Personal information
- Nationality: Serbian
- Born: 6 December 1991 (age 34) Belgrade, SR Serbia, SFR Yugoslavia
- Height: 6 ft 1 in (1.85 m)
- Weight: 175 lb (79 kg)

Sport
- Country: Serbia
- Sport: Taekwondo
- Event: Middleweight
- Club: TK Galeb
- Coached by: Dragan Jović

Medal record
Women's taekwondo
Representing Serbia
Olympic Games
| Gold medal – first place | 2012 London | +67 kg |
| Gold medal – first place | 2020 Tokyo | +67 kg |
World Championships
| Gold medal – first place | 2017 Muju | 73 kg |
| Bronze medal – third place | 2011 Gyeongju | 73 kg |
Grand Prix
| Gold medal – first place | 2014 Manchester | +67 kg |
| Silver medal – second place | 2017 Rabat | +67 kg |
| Silver medal – second place | 2018 Rome | +67 kg |
| Bronze medal – third place | 2014 Suzhou | +67 kg |
| Bronze medal – third place | 2015 Manchester | +67 kg |
| Bronze medal – third place | 2018 Moscow | +67 kg |
European Championships
| Silver medal – second place | 2012 Manchester | 73 kg |
| Silver medal – second place | 2014 Baku | 73 kg |
| Silver medal – second place | 2016 Montreux | 73 kg |
| Silver medal – second place | 2021 Sofia | 73 kg |
European Games
| Silver medal – second place | 2015 Baku | +67 kg |
Mediterranean Games
| Silver medal – second place | 2013 Mersin | +67 kg |
World Junior Championships
| Bronze medal – third place | 2008 İzmir | 68 kg |

= Milica Mandić =

Serbian taekwondo practitioner

Milica Mandić (Милица Мандић, born 6 December 1991) is a Serbian retired taekwondo athlete.
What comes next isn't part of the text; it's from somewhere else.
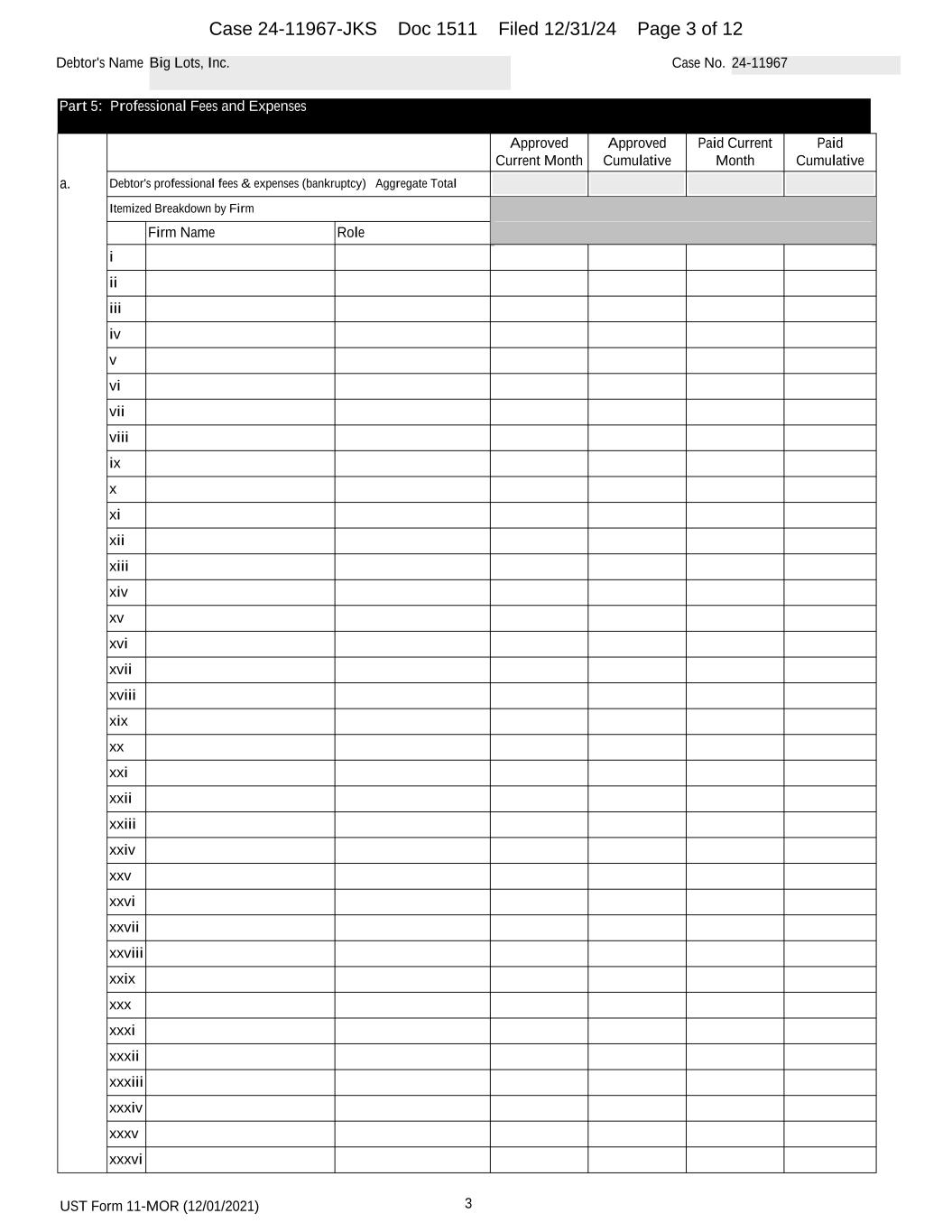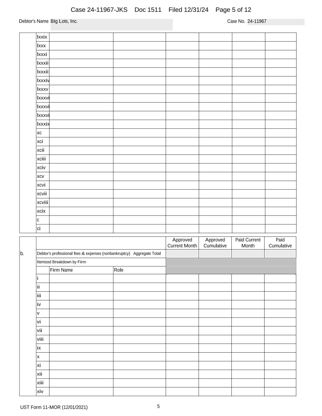 UST Form 11-MOR (12/01/2021) 5 Debtor's Name Big Lots, Inc. Case No. 24-11967 lxxix lxxx lxxxi lxxxii lxxxii lxxxiv lxxxv lxxxvi lxxxvi lxxxvi lxxxix xc xci xcii xciii xciv xcv xcvi xcvii xcviii xcix c ci Approved Current Month Approved Cumulative Paid Current Month Paid Cumulative b. Debtor's professional fees & expenses (nonbankruptcy) Aggregate Total Itemized Breakdown by Firm Firm Name Role i ii iii iv v vi vii viii ix x xi xii xiii xiv Case 24-11967-JKS Doc 1511 Filed 12/31/24 Page 5 of 12

She is a two-time Olympic champion in the Women's +67 kg category, having won gold medals at the 2012 and 2020 Summer Olympics. She was also the 2017 world champion in the 73 kg category.

== Career ==
Mandić won a bronze medal in the middleweight category (under 73 kg) at the 2011 World Taekwondo Championships and a silver medal at the 2012 European Taekwondo Championships.

At the 2012 Summer Olympics Mandić beat European Championship gold medallist Anastasia Baryshnikova in the semi finals, before defeating top-seeded Anne-Caroline Graffe of France in a 9–7 win, becoming the first gold medalist for independent Serbia.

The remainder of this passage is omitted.